Life expectancy in liver cancer increases if the disease is detected at an early stage and the tumor can still be removed. Other factors affecting life expectancy include determining the exact type of cancer the patient is suffering from, the location of the disease, the level of metastasis, and the general health of the patient. Tumor size and volume of the affected liver also play a role.
Most liver cancers are fatal, but a significant number of patients can be cured if the tumor is detected at an early stage and has not spread to other organs.
If the cancer is localized and is a specific type of tumor, there is a small chance that it can be removed and there will be no relapse. However, liver cancer usually spreads to the lymph nodes or other organs before it can be detected.
Other common types of liver cancer may require a liver transplant. This usually occurs when the tumor is in an area that is difficult to remove without causing additional harm to the patient. This also applies when more than one type of tumor is present, or when the general condition of the liver is poor. When a healthy donor liver is transplanted to a patient, five-year survival is about 60%.
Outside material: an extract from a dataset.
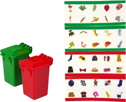 Farvede skraldespande og kort med genstande gør legen til en lærerig aktivitet fuld af sjov.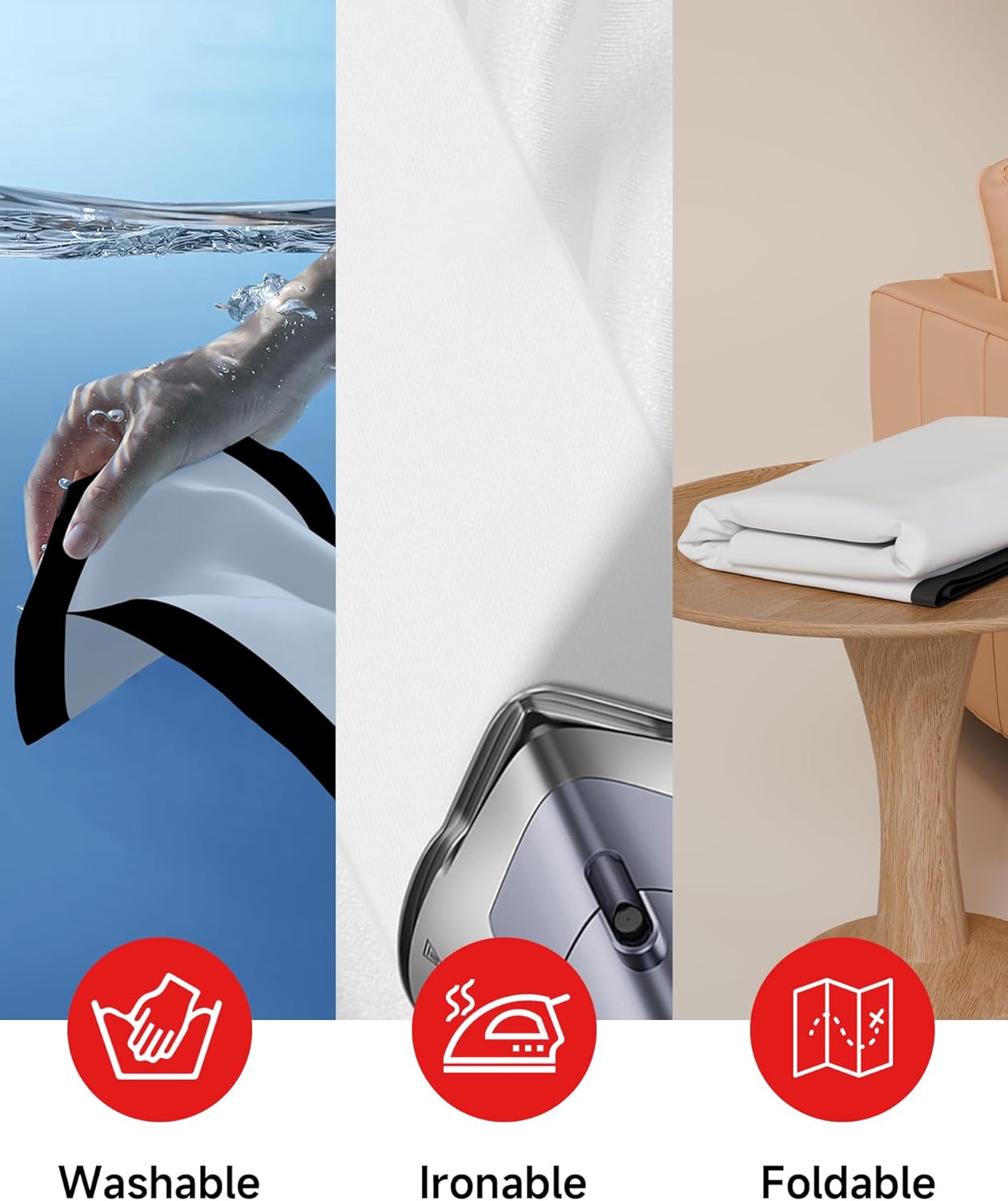 【Wrinkle-Free Surface】 Made from premium material with a wrinkle-free surface, this portable projector screen ensures clear and smooth images. The fabric resists creases and folds, providing a consistent and quality viewing surface for all your outdoor projection needs

Researchers have reported some success in increasing life expectancy in liver cancer with more than one form of treatment. Chemotherapy and embolization, which means starving a tumor by stopping blood flow, can prolong the patient's life. If the cancer has spread to other areas of the body, chemotherapy is usually preferred.
When the disease is limited to the liver, treatment includes chemotherapy for the organ, with or without radiation therapy. Health professionals usually prescribe a combination of drugs, chemotherapy, and embolization to treat liver cancer. Their goal is to reduce the tumor, remove it or make it “starve”, limiting the blood supply.
If the disease progresses, life expectancy becomes shorter. The usual course of treatment in these cases involves treating the symptoms to make the patient more comfortable. Medication usually does not prolong life, but alleviates the pain associated with already common liver cancer.
Older people are more likely to develop liver cancer, and more men than women suffer from this disease.